Por isso, não é surpresa que a casta cada vez mais oligárquica da União Europeia, desafiando a vontade popular em sucessivos referendos e forçando diktats orçamentários nas leis constitucionais, tenha gerado tantos movimentos de protesto contra si. Qual o panorama destas forças?
No coração da UE pré-expansão, da era da guerra fria (a topografia da Europa Oriental é tão diferente que pode ser posta à parte, para os propósitos deste texto), movimentos de direita dominam a oposição ao sistema na França (Frente Nacional), Holanda (Partido da Liberdade, PVV), Áustria (Partido da Liberdade da Áustria), Suécia (Democratas Suecos), Dinamarca (Partido do Povo Dinamarquês), Finlândia (Finlandeses Verdadeiros), Alemanha (Alternativa para a Alemanha, AfD) e Grã-Bretanha (Partido pela Independência do Reino Unido, UKIP).

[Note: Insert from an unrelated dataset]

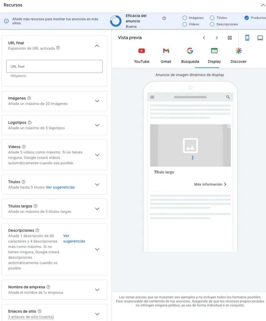 - Los anuncios pueden publicarse en un gran abanico de inventario; YouTube, la Red de Display, la Red de Búsqueda, Discover, Gmail y Maps.

Na Espanha, Grécia e Irlanda, movimentos de esquerda predominaram: Podemos, Syriza e Sinn Fein. Em caso único, a Itália tem tanto um forte movimento anti-sistêmico de direita (a Lega) quanto um ainda maior, que atravessa a fronteira esquerda/direita: o Movimento Cinco Estrelas (M5S). Sua retórica extra-parlamentar sobre impostos e imigração coloca-o na direita, mas ele está à esquerda por seu histórico parlamentar de oposição consistente às medidas neoliberais do governo Matteo Renzi (particularmente sobre Educação e mercado de Trabalho) e seu papel central ao derrotar os esforços de Renzi para enfraquecer a Constituição democrática da Itália3. A todos estes pode ser acrescentado o Momentum, movimento que emergiu na Grã-Bretanha por trás da inesperada eleição de Jeremy Corbyn para a liderança do Partido Trabalhista. Todos os movimentos de direita, exceto a AfD, precedem o crash de 2008; alguns têm histórias que remontam aos 1970 ou antes. O Syriza decolou, e o M5S, Podemos e Momentum nasceram como resultados diretos da crise financeira global.

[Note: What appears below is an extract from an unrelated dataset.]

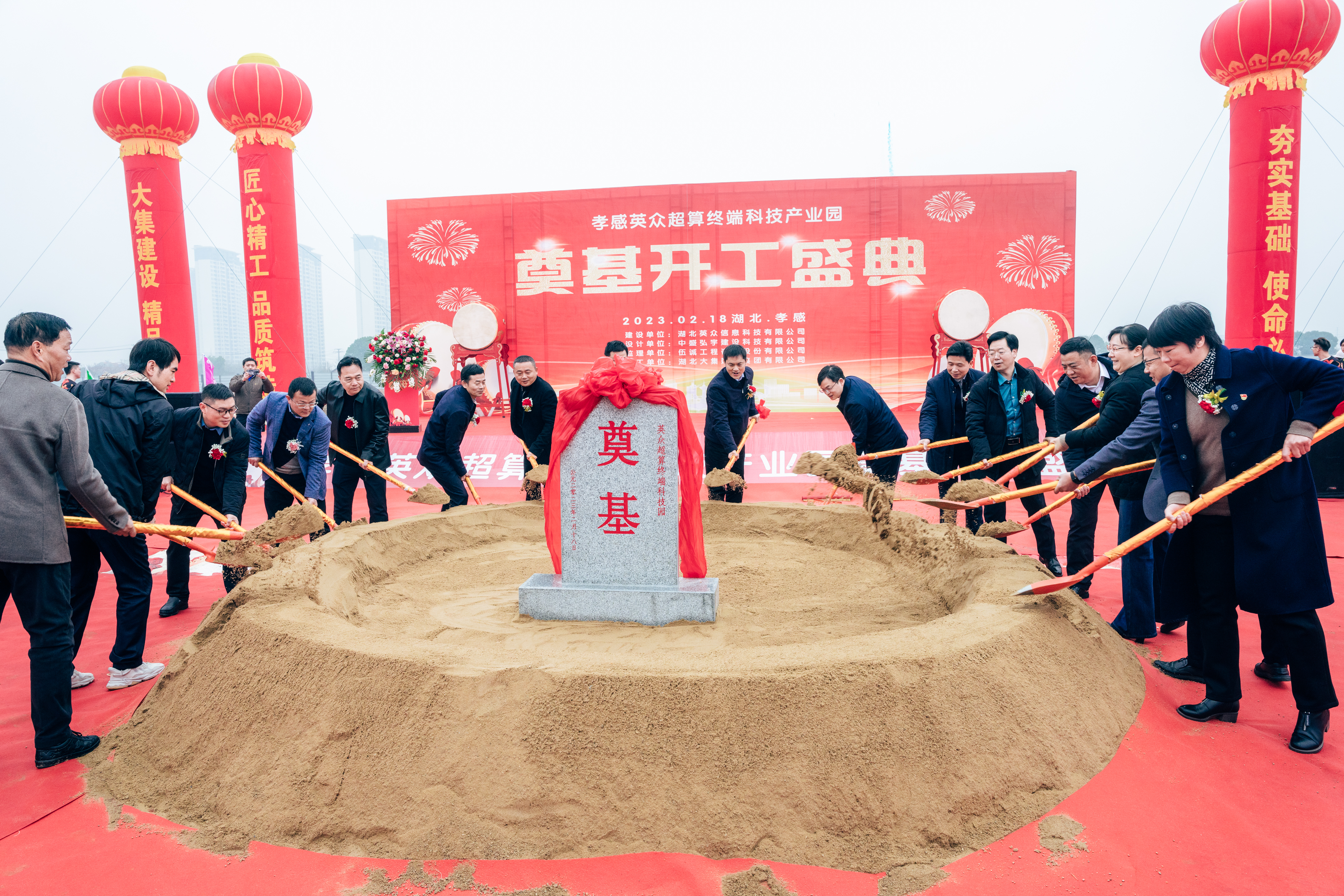 2月18日上午,由湖北大集建設集團總承包的英眾超算終端科技產業(yè)園生產項目開工儀式隆重舉行,孝感市委常委、統(tǒng)戰(zhàn)部部長、高新區(qū)黨工委書記賀衛(wèi)東,高新區(qū)黨工委副書記、管委會主任舒俊,市委統(tǒng)戰(zhàn)部常務副部長盛夏,高新區(qū)黨工委委員、紀檢監(jiān)察工委書記張文平等政府領導,上海英眾信息科技有限公司兼湖北英眾信息科技有限公司總經理劉純堅,上海英眾信息科技有限公司董事會秘書、副總經理孫峰,湖北銘洛科技有限公司董事長阮洋,以及集團公司董事長徐濤、總經理徐遠征、董事許江、副總經理徐家富出席參加了奠基儀式。

O fato central é o peso maior do conjunto de movimentos de direita em relação aos de esquerda, tanto em número de países em que são maios fortes quanto em força eleitoral. Ambos são reações à estrutura do sistema neoliberal, que tem sua expressão mais aguda e concentrada na EU atual, com sua ordem fundada na redução e privatização de serviços públicos, no abandono do controle democrático e representação; e na desregulação dos fatores de produção. As três tendências estão presentes em plano nacional na Europa e em outras partes, mas são mais intensas no espaço europeu – como atestam a tortura da Grécia, o atropelamento dos referendos e o tráfego humano. Na arena política, eles suscitam temas de preocupação popular, convocando protestos contra o sistema relacionados à “austeridade”, soberania e imigração. Os movimentos anti-sistêmicos diferenciam-se pelo peso que dão a cada tema – ou com a cor da paleta neoliberal que mais hostilizam.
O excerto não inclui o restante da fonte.